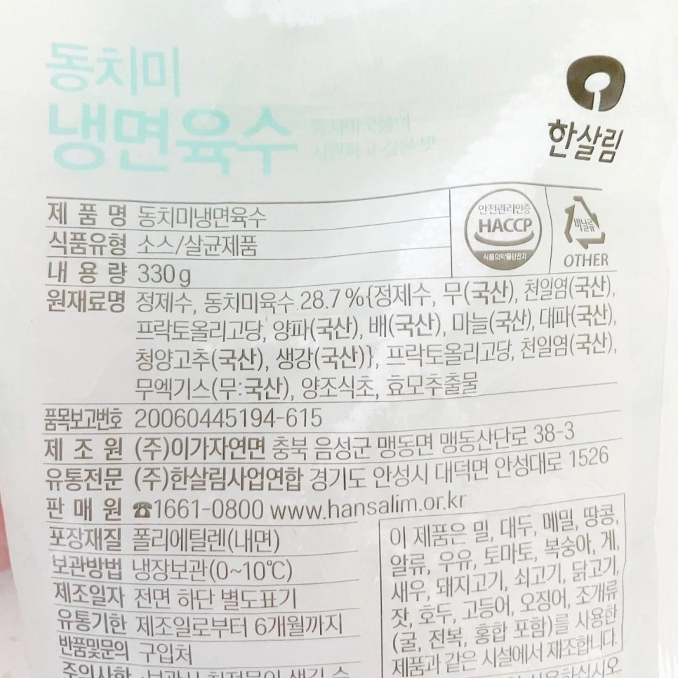 한살림 냉면육수 특징은 고기 베이스가 아님.
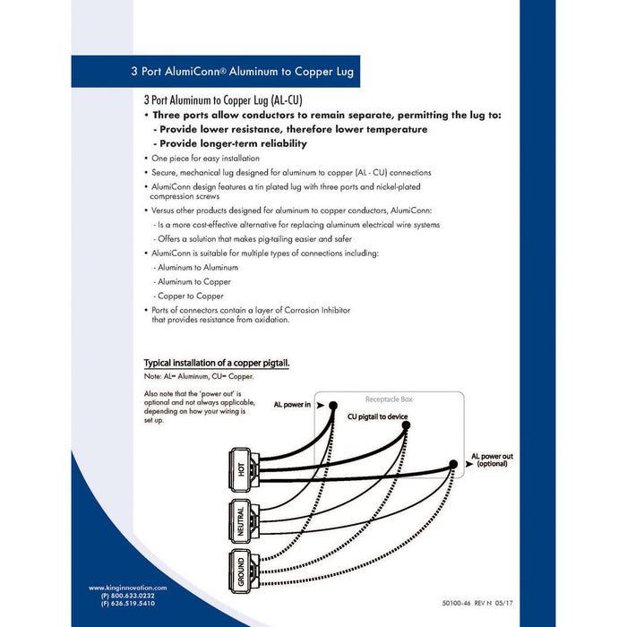 King Innovation’s AlumiConn Aluminum to Copper Lug is approved by the Consumer Product Safety Commission (CPSC), UL, and numerous insurance companies as a safe method for aluminum wiring repair. Manufactured in Missouri, AlumiConn is a lug style connector with three separate ports to eliminate intermixing of conductors. It coats aluminum wires with a thin layer of silicone sealant to provide resistance from oxidation, and uses set screws to break up surface oxides and provide a secure mechanical connection. Avoid a complete re-wire by using AlumiConn, the most cost-effective aluminum wiring repair solution available.
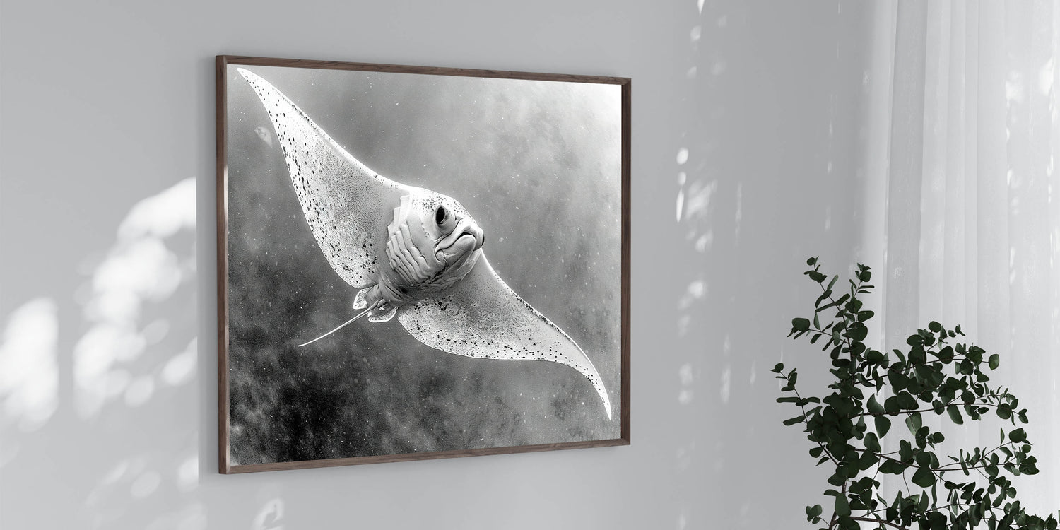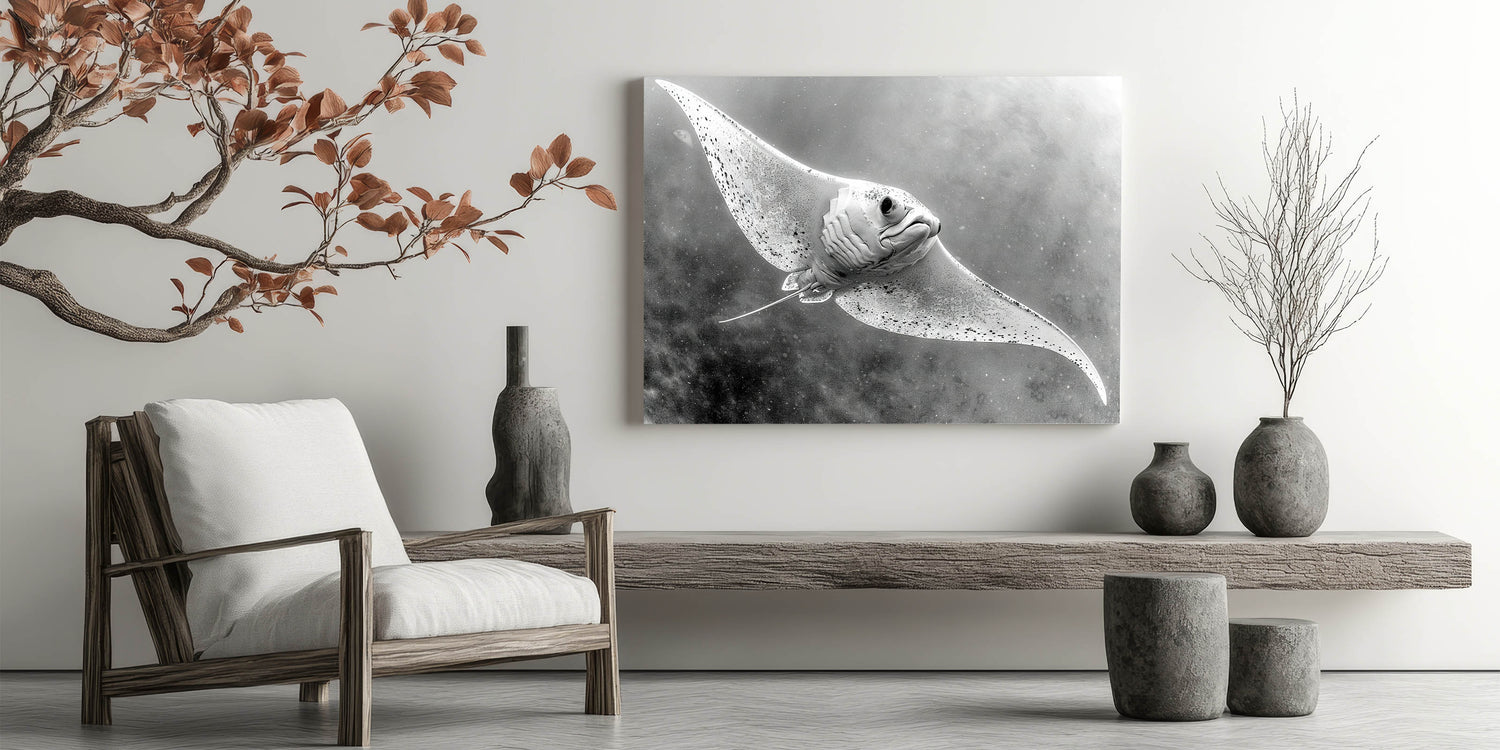 - Monochrome Masterpiece: Available in multiple formats, including stretched canvas, framed canvas, and acrylic glass, this piece is meticulously printed to highlight the subtle details of the ray’s form against a soft, blurred background.

Exercise details:
The expected result is the material restated word for word, minus any picture.

Your solution:
 한살림 냉면육수 특징은 고기 베이스가 아님.
 King Innovation’s AlumiConn Aluminum to Copper Lug is approved by the Consumer Product Safety Commission (CPSC), UL, and numerous insurance companies as a safe method for aluminum wiring repair. Manufactured in Missouri, AlumiConn is a lug style connector with three separate ports to eliminate intermixing of conductors. It coats aluminum wires with a thin layer of silicone sealant to provide resistance from oxidation, and uses set screws to break up surface oxides and provide a secure mechanical connection. Avoid a complete re-wire by using AlumiConn, the most cost-effective aluminum wiring repair solution available.
 - Monochrome Masterpiece: Available in multiple formats, including stretched canvas, framed canvas, and acrylic glass, this piece is meticulously printed to highlight the subtle details of the ray’s form against a soft, blurred background.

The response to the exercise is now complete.